**The records**:
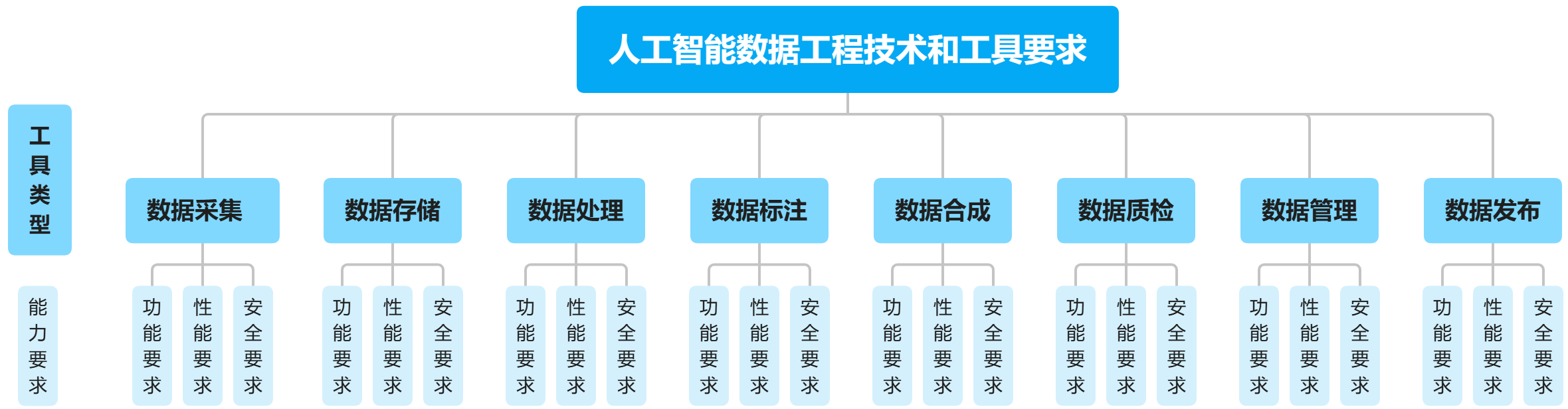 《人工智能 关键基础技术 数据工程工具能力要求》:旨在面向人工智能数据服务企业、大模型企业以及行业企业评估人工智能数据工程工具的功能、性能、安全等三方面技术能力水平,具体覆盖数据采集、数据存储、数据处理、数据标注、数据合成、数据质检、数据运营等核心技术环节。
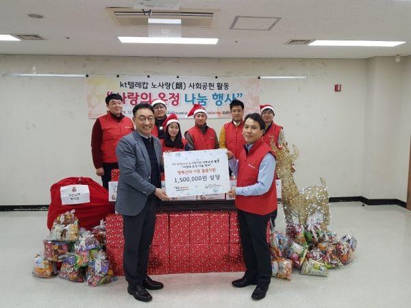 오산남부종합사회복지관은 19일 kt텔레캅 강남본부 남부지사와 함께 kt텔레캅 노사랑 사회공헌 활동 ‘사랑의 온정 나눔’행사를 진행했다.
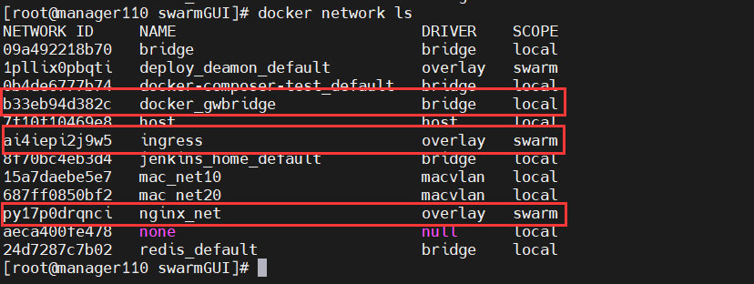 在初始化或刚加入Swarm集群时,会创建一个Ingress和 docker-gwbridge网络
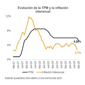 El Comité de Política Monetaria (CPM) resolvió en su reunión de febrero reducir en 25 puntos básicos (pb) la Tasa de Política Monetaria (TPM) hasta 5,25% anual, el segundo ajuste en lo que va del 2026.
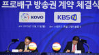 [OSEN=이대선 기자] 21일 오전 서울 마포구 스탠포드호텔 그랜드볼룸에서 '프로배구 방송권 계약 체결식'이 열렸다.구자준 프로배구 총재와 최철호 KBS N 대표이사가 계약서에 사인을 하고 있다.KOVO와 KBS N은 2016-2017시즌부터 2020-202
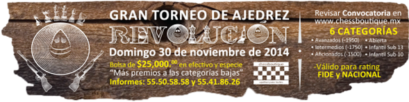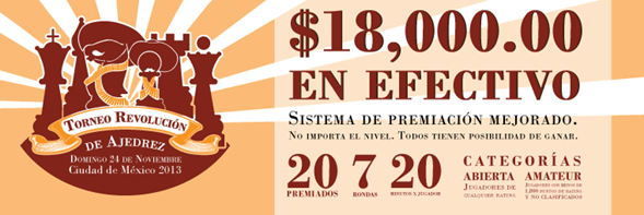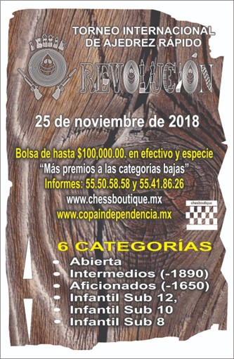 El Torneo Copa Revolución inició sus operaciones en el año 2013, con $18,000.00 pesos en premios. En esa primera edición sólo había dos categorías, Abierta y Amateur y se jugaba a ritmo rápido (20 minutos por jugador), en un solo día.
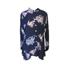 This sophisticated tunic by Multiples features a vibrant paisley pattern on a navy backdrop, ideal for both casual and formal settings. Its button-up front and relaxed fit ensure comfort and ease of wear. The lightweight fabric enhances breathability, making it a versatile addition to any wardrobe. The blouse is new with tags in size Large. Pretty buttons down the front. Please see the photos. 80 percent rayon and 20 percent nylon.
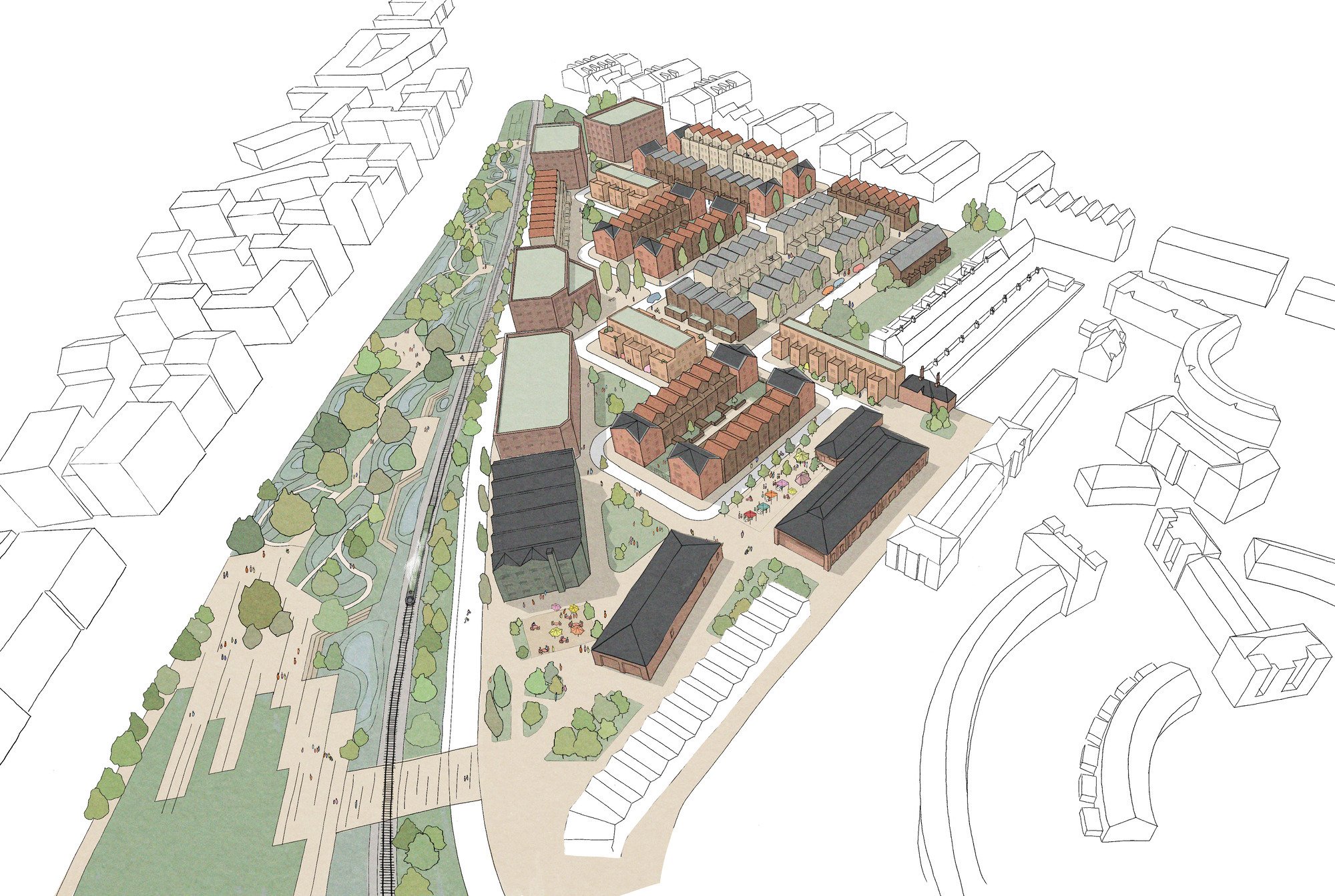 The project has been shaped by York’s character and heritage. Building forms, materials and street patterns take inspiration from the city’s Victorian terraced streets and industrial architecture. Along Central Park, apartment buildings and taller terraces create a strong, active frontage, while quieter residential streets and landscaped ginnels provide shared gardens and places for neighbours to meet.

**What to work on**: Transcribe exactly and only the lines from the top of the records through the line containing "El Torneo Copa", inclusive, and do not copy the pictures.

**Result**:
 《人工智能 关键基础技术 数据工程工具能力要求》:旨在面向人工智能数据服务企业、大模型企业以及行业企业评估人工智能数据工程工具的功能、性能、安全等三方面技术能力水平,具体覆盖数据采集、数据存储、数据处理、数据标注、数据合成、数据质检、数据运营等核心技术环节。
 오산남부종합사회복지관은 19일 kt텔레캅 강남본부 남부지사와 함께 kt텔레캅 노사랑 사회공헌 활동 ‘사랑의 온정 나눔’행사를 진행했다.
 在初始化或刚加入Swarm集群时,会创建一个Ingress和 docker-gwbridge网络
 El Comité de Política Monetaria (CPM) resolvió en su reunión de febrero reducir en 25 puntos básicos (pb) la Tasa de Política Monetaria (TPM) hasta 5,25% anual, el segundo ajuste en lo que va del 2026.
 [OSEN=이대선 기자] 21일 오전 서울 마포구 스탠포드호텔 그랜드볼룸에서 '프로배구 방송권 계약 체결식'이 열렸다.구자준 프로배구 총재와 최철호 KBS N 대표이사가 계약서에 사인을 하고 있다.KOVO와 KBS N은 2016-2017시즌부터 2020-202
 El Torneo Copa Revolución inició sus operaciones en el año 2013, con $18,000.00 pesos en premios. En esa primera edición sólo había dos categorías, Abierta y Amateur y se jugaba a ritmo rápido (20 minutos por jugador), en un solo día.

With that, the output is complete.